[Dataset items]
╔══
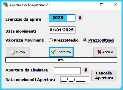 LA MASCHERA È AUTOMATICAMENTE COMPILATA CON I DATI NECESSARI, NON CAMBIARE L’ESERCIZIO DA APRIRE, NE LA DATA, è possibile cambiare solo il tipo di valorizzazione tra “Prezzo Medio” o “Prezzo Ultimo” di acquisto, quindi premere, semplicemente il tasto →”Conferma”.
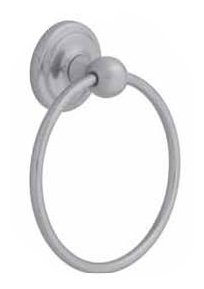 This towel ring will help with bathroom clutter in a luxurious satin nickel finish.
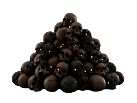 Pile of Dark Human Skulls with Glowing Eyes, Horror Concept Isolated on Transparent Background Isola
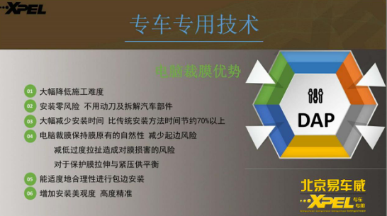 XPEL品牌從創(chuàng)建至今已走過20多年的輝煌,而作為XPEL品牌創(chuàng)始者的美國XPEL科技公司在20年里只專注做一件事——研發(fā)、生產(chǎn)高品質(zhì)車衣。最終,XPEL公司成為車衣行業(yè)的標桿企業(yè),擁有眾多專利技術,所研發(fā)的“DAP”專車專用電腦裁剪軟件大大提升了車衣切割效率,無需人工下刀,使車衣剪裁更為精準。
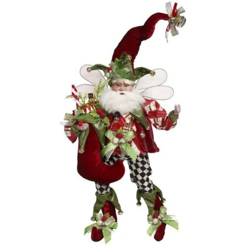 Mark Roberts Stocking Fairy Size: 38cm This good looking fairy assists in delivering little goodies to your Christmas stocking year after year. He is dressed in a red, gold and green coordinated outfit with checked black and white pants. He holds a stocking filled with beautiful toys in his hand. Release Year: 2021 Mark Roberts Limited Edition Christmas Collectibles pair elegant design with holiday whimsy. Sure to be cherished as heirlooms, the collectibles figurines wear fine costumes, carry ornate accessories, and feature quality craftsmanship. Every Mark Roberts Limited Edition Christmas Collectible comes with a Certificate of Authenticity and an invitation to register for our own Christmas Elves Collectors Club.
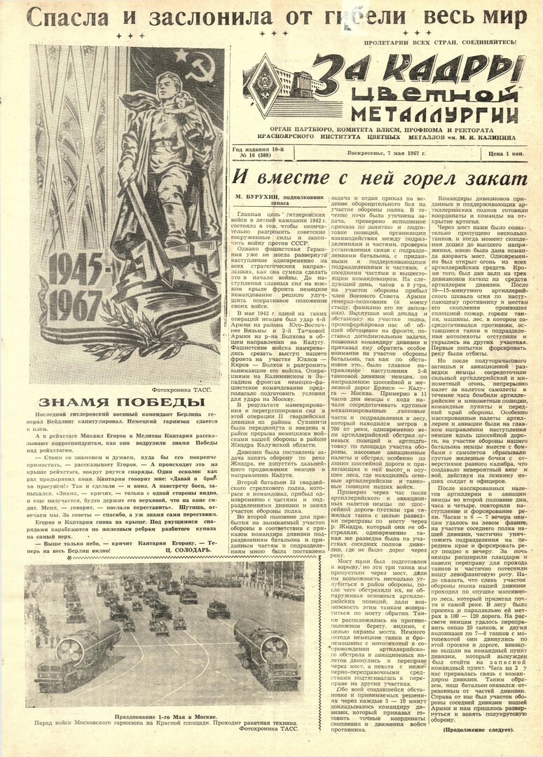 - Знамя Победы : [как М. Егоров и М. Кантария водрузили знамя Победы над рейхстагом]. — С. 1.
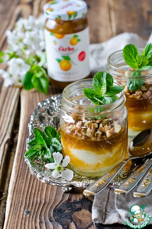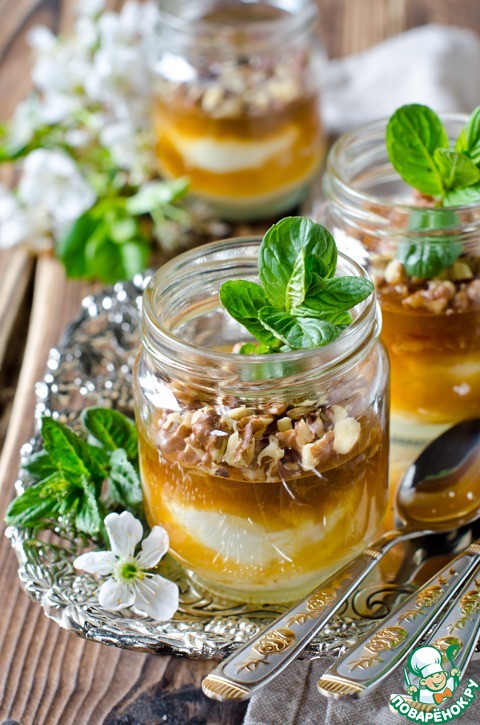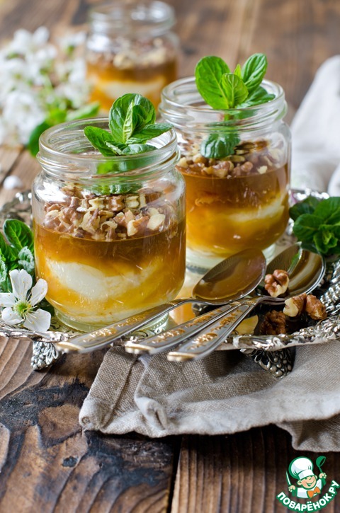 Дать желе немного остыть, а затем покрыть им запеканку. Дать застыть в холодильнике.
╚══
Task details: Once the pictures are set aside, repeat the remaining data word for word.

Written solution:
 LA MASCHERA È AUTOMATICAMENTE COMPILATA CON I DATI NECESSARI, NON CAMBIARE L’ESERCIZIO DA APRIRE, NE LA DATA, è possibile cambiare solo il tipo di valorizzazione tra “Prezzo Medio” o “Prezzo Ultimo” di acquisto, quindi premere, semplicemente il tasto →”Conferma”.
 This towel ring will help with bathroom clutter in a luxurious satin nickel finish.
 Pile of Dark Human Skulls with Glowing Eyes, Horror Concept Isolated on Transparent Background Isola
 XPEL品牌從創(chuàng)建至今已走過20多年的輝煌,而作為XPEL品牌創(chuàng)始者的美國XPEL科技公司在20年里只專注做一件事——研發(fā)、生產(chǎn)高品質(zhì)車衣。最終,XPEL公司成為車衣行業(yè)的標桿企業(yè),擁有眾多專利技術,所研發(fā)的“DAP”專車專用電腦裁剪軟件大大提升了車衣切割效率,無需人工下刀,使車衣剪裁更為精準。
 Mark Roberts Stocking Fairy Size: 38cm This good looking fairy assists in delivering little goodies to your Christmas stocking year after year. He is dressed in a red, gold and green coordinated outfit with checked black and white pants. He holds a stocking filled with beautiful toys in his hand. Release Year: 2021 Mark Roberts Limited Edition Christmas Collectibles pair elegant design with holiday whimsy. Sure to be cherished as heirlooms, the collectibles figurines wear fine costumes, carry ornate accessories, and feature quality craftsmanship. Every Mark Roberts Limited Edition Christmas Collectible comes with a Certificate of Authenticity and an invitation to register for our own Christmas Elves Collectors Club.
 - Знамя Победы : [как М. Егоров и М. Кантария водрузили знамя Победы над рейхстагом]. — С. 1.
 Дать желе немного остыть, а затем покрыть им запеканку. Дать застыть в холодильнике.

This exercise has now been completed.